PROBLEM TO WORK ON: The entries are to be printed again word for word, but no picture may appear.

Source data
Content starts

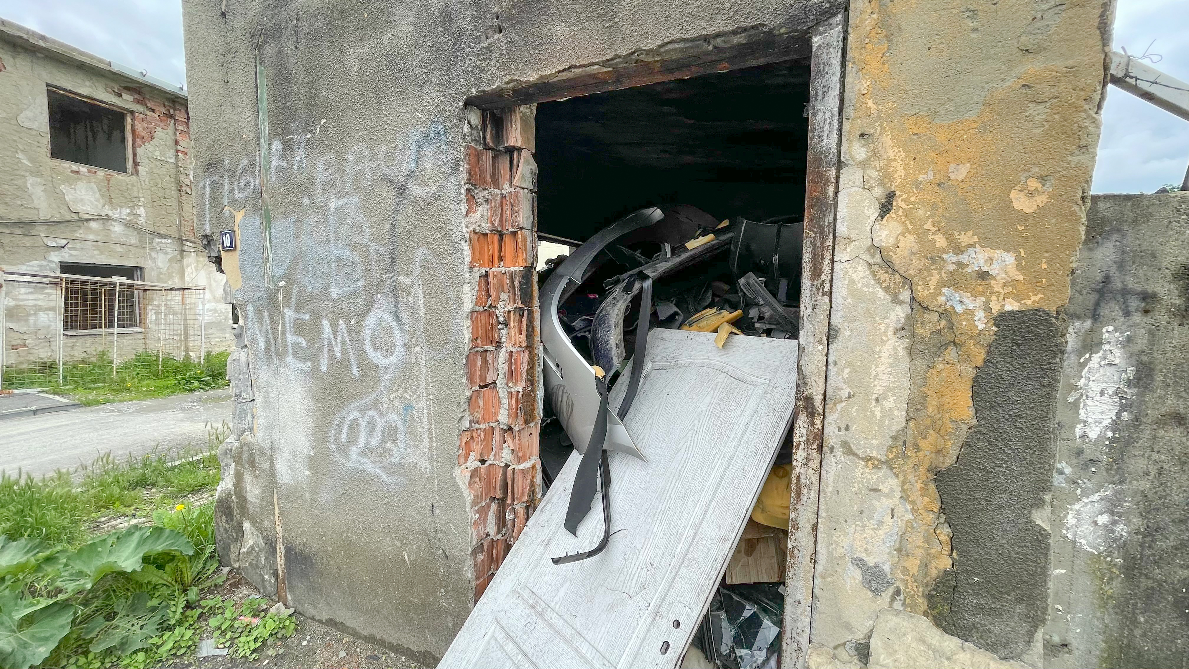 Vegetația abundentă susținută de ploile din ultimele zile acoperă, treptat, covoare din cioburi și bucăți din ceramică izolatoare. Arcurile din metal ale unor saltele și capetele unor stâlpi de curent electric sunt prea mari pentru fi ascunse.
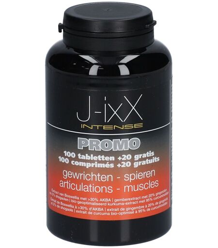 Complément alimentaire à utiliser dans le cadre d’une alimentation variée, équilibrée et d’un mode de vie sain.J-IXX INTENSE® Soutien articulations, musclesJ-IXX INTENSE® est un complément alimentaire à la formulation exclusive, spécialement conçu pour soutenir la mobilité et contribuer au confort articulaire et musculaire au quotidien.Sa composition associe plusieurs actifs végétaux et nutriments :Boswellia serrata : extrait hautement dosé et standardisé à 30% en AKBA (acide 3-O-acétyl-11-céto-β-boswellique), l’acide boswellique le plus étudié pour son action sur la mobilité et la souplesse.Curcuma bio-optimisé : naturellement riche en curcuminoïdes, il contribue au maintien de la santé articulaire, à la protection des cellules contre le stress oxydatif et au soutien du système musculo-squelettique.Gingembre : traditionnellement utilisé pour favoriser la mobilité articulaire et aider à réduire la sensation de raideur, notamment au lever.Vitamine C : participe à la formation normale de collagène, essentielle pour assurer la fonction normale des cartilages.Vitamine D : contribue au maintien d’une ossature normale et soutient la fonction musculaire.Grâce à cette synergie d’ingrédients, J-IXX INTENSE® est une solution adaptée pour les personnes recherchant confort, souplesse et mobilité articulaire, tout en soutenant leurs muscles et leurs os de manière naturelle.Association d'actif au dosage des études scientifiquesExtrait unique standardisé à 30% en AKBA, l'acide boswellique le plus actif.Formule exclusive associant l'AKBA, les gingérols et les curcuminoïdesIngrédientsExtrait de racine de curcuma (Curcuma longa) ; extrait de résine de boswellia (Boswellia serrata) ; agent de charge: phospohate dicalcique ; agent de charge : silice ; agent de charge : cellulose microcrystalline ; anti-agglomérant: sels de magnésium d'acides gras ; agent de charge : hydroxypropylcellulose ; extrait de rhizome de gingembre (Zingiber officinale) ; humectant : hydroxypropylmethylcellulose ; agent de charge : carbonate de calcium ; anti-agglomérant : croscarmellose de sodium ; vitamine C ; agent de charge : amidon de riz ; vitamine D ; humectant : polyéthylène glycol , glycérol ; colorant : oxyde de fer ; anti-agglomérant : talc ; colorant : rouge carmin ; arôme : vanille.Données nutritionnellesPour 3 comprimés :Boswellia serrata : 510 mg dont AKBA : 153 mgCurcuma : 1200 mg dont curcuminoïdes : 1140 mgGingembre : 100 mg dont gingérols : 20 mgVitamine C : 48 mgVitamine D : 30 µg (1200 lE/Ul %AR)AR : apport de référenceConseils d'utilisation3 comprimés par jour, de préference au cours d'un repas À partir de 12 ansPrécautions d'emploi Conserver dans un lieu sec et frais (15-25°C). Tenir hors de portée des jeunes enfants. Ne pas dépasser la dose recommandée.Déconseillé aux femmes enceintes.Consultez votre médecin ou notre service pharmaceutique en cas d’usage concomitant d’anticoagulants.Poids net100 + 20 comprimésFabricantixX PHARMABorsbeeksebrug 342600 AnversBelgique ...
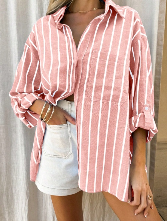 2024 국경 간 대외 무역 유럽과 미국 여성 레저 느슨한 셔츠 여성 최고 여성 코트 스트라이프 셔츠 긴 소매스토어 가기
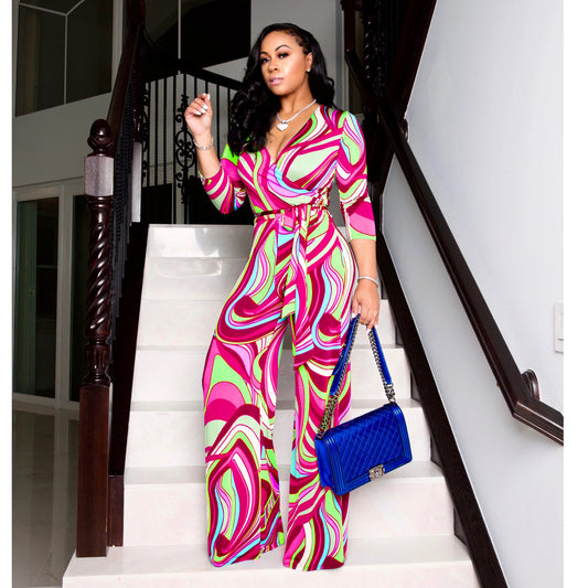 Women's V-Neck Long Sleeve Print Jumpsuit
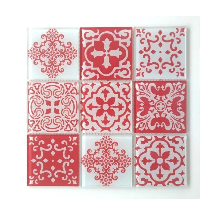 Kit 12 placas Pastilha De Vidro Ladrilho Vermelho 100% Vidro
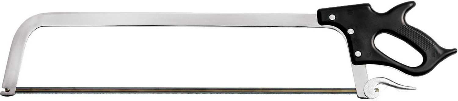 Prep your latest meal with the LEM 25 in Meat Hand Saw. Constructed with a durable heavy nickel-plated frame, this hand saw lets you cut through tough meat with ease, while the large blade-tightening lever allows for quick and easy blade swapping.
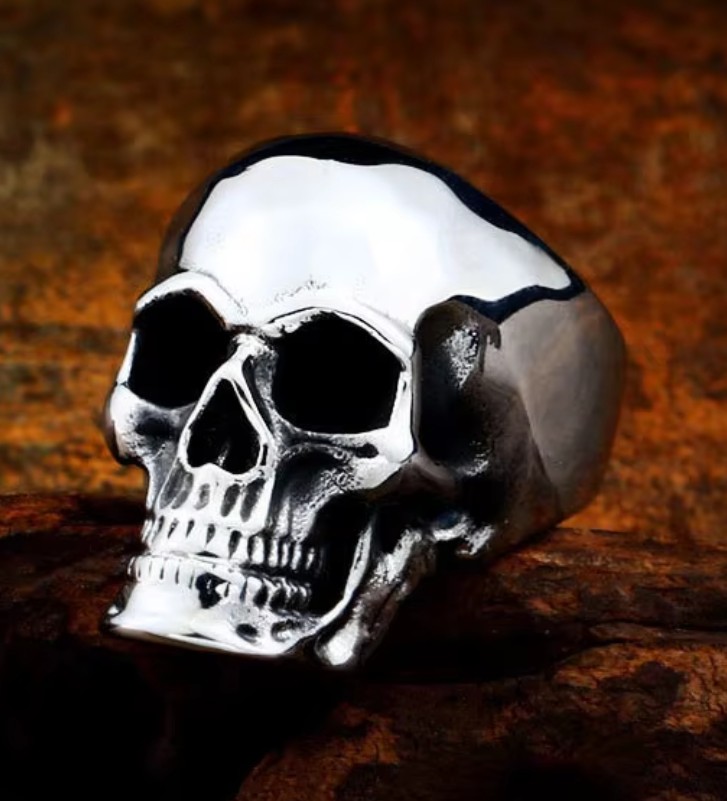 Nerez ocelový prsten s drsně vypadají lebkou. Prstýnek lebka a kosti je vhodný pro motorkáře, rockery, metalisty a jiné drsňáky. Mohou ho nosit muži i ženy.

Content ends

OUTPUT OF THE TASK:
 Vegetația abundentă susținută de ploile din ultimele zile acoperă, treptat, covoare din cioburi și bucăți din ceramică izolatoare. Arcurile din metal ale unor saltele și capetele unor stâlpi de curent electric sunt prea mari pentru fi ascunse.
 Complément alimentaire à utiliser dans le cadre d’une alimentation variée, équilibrée et d’un mode de vie sain.J-IXX INTENSE® Soutien articulations, musclesJ-IXX INTENSE® est un complément alimentaire à la formulation exclusive, spécialement conçu pour soutenir la mobilité et contribuer au confort articulaire et musculaire au quotidien.Sa composition associe plusieurs actifs végétaux et nutriments :Boswellia serrata : extrait hautement dosé et standardisé à 30% en AKBA (acide 3-O-acétyl-11-céto-β-boswellique), l’acide boswellique le plus étudié pour son action sur la mobilité et la souplesse.Curcuma bio-optimisé : naturellement riche en curcuminoïdes, il contribue au maintien de la santé articulaire, à la protection des cellules contre le stress oxydatif et au soutien du système musculo-squelettique.Gingembre : traditionnellement utilisé pour favoriser la mobilité articulaire et aider à réduire la sensation de raideur, notamment au lever.Vitamine C : participe à la formation normale de collagène, essentielle pour assurer la fonction normale des cartilages.Vitamine D : contribue au maintien d’une ossature normale et soutient la fonction musculaire.Grâce à cette synergie d’ingrédients, J-IXX INTENSE® est une solution adaptée pour les personnes recherchant confort, souplesse et mobilité articulaire, tout en soutenant leurs muscles et leurs os de manière naturelle.Association d'actif au dosage des études scientifiquesExtrait unique standardisé à 30% en AKBA, l'acide boswellique le plus actif.Formule exclusive associant l'AKBA, les gingérols et les curcuminoïdesIngrédientsExtrait de racine de curcuma (Curcuma longa) ; extrait de résine de boswellia (Boswellia serrata) ; agent de charge: phospohate dicalcique ; agent de charge : silice ; agent de charge : cellulose microcrystalline ; anti-agglomérant: sels de magnésium d'acides gras ; agent de charge : hydroxypropylcellulose ; extrait de rhizome de gingembre (Zingiber officinale) ; humectant : hydroxypropylmethylcellulose ; agent de charge : carbonate de calcium ; anti-agglomérant : croscarmellose de sodium ; vitamine C ; agent de charge : amidon de riz ; vitamine D ; humectant : polyéthylène glycol , glycérol ; colorant : oxyde de fer ; anti-agglomérant : talc ; colorant : rouge carmin ; arôme : vanille.Données nutritionnellesPour 3 comprimés :Boswellia serrata : 510 mg dont AKBA : 153 mgCurcuma : 1200 mg dont curcuminoïdes : 1140 mgGingembre : 100 mg dont gingérols : 20 mgVitamine C : 48 mgVitamine D : 30 µg (1200 lE/Ul %AR)AR : apport de référenceConseils d'utilisation3 comprimés par jour, de préference au cours d'un repas À partir de 12 ansPrécautions d'emploi Conserver dans un lieu sec et frais (15-25°C). Tenir hors de portée des jeunes enfants. Ne pas dépasser la dose recommandée.Déconseillé aux femmes enceintes.Consultez votre médecin ou notre service pharmaceutique en cas d’usage concomitant d’anticoagulants.Poids net100 + 20 comprimésFabricantixX PHARMABorsbeeksebrug 342600 AnversBelgique ...
 2024 국경 간 대외 무역 유럽과 미국 여성 레저 느슨한 셔츠 여성 최고 여성 코트 스트라이프 셔츠 긴 소매스토어 가기
 Women's V-Neck Long Sleeve Print Jumpsuit
 Kit 12 placas Pastilha De Vidro Ladrilho Vermelho 100% Vidro
 Prep your latest meal with the LEM 25 in Meat Hand Saw. Constructed with a durable heavy nickel-plated frame, this hand saw lets you cut through tough meat with ease, while the large blade-tightening lever allows for quick and easy blade swapping.
 Nerez ocelový prsten s drsně vypadají lebkou. Prstýnek lebka a kosti je vhodný pro motorkáře, rockery, metalisty a jiné drsňáky. Mohou ho nosit muži i ženy.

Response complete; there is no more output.